COLLECTED MATERIAL
+ + +
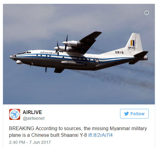 Το στίγμα του αεροπλάνου, που σύμφωνα με πηγές είναι ένα κινέζικο Shaanxi Y-8, χάθηκε μεταξύ Myeik και Yangoon. Αποστολή έρευνας και διάσωσης έχει ξεκινήσει έρευνες, ενώ πιστεύεται ότι επιβάτες ήταν οι συγγενείς του στρατιωτικού προσωπικού με βάση την ακτογραμμή. «Πιστεύουμε ότι ήταν τεχνική βλάβη», δήλωσε πηγή που δεν θέλησε να κατονομαστεί στο AFP, τονίζοντας πως οι καιρικές συνθήκες ήταν καλές.
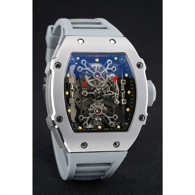 Este reloj de réplica de alta calidad cuenta con un movimiento cinético (automático) Miyota japonés, asegurando precisión y longevidad. Su bisel pulido atornillado de acero inoxidable y la corona de acero inoxidable cepillado con ajuste de goma blanca añaden toques de clase. La parte trasera de acero inoxidable cepillado atornillada cuenta con un centro transparente que revela la mecánica interna y grabados de Richard Mille. El cristal de zafiro proporciona una excelente protección para la esfera gris y las manecillas blancas luminosas.
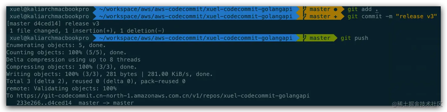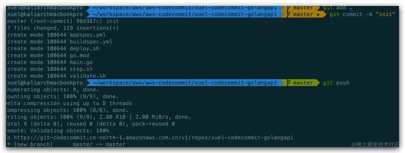 - 提交代码到codeCommit中
+ + +
EXERCISE PROMPT
Which lines fall between the one containing "Este reloj de" and the last line of the listing, both included? Give them again exactly, without the pictures.

COMPLETED EXERCISE
 Este reloj de réplica de alta calidad cuenta con un movimiento cinético (automático) Miyota japonés, asegurando precisión y longevidad. Su bisel pulido atornillado de acero inoxidable y la corona de acero inoxidable cepillado con ajuste de goma blanca añaden toques de clase. La parte trasera de acero inoxidable cepillado atornillada cuenta con un centro transparente que revela la mecánica interna y grabados de Richard Mille. El cristal de zafiro proporciona una excelente protección para la esfera gris y las manecillas blancas luminosas.
 - 提交代码到codeCommit中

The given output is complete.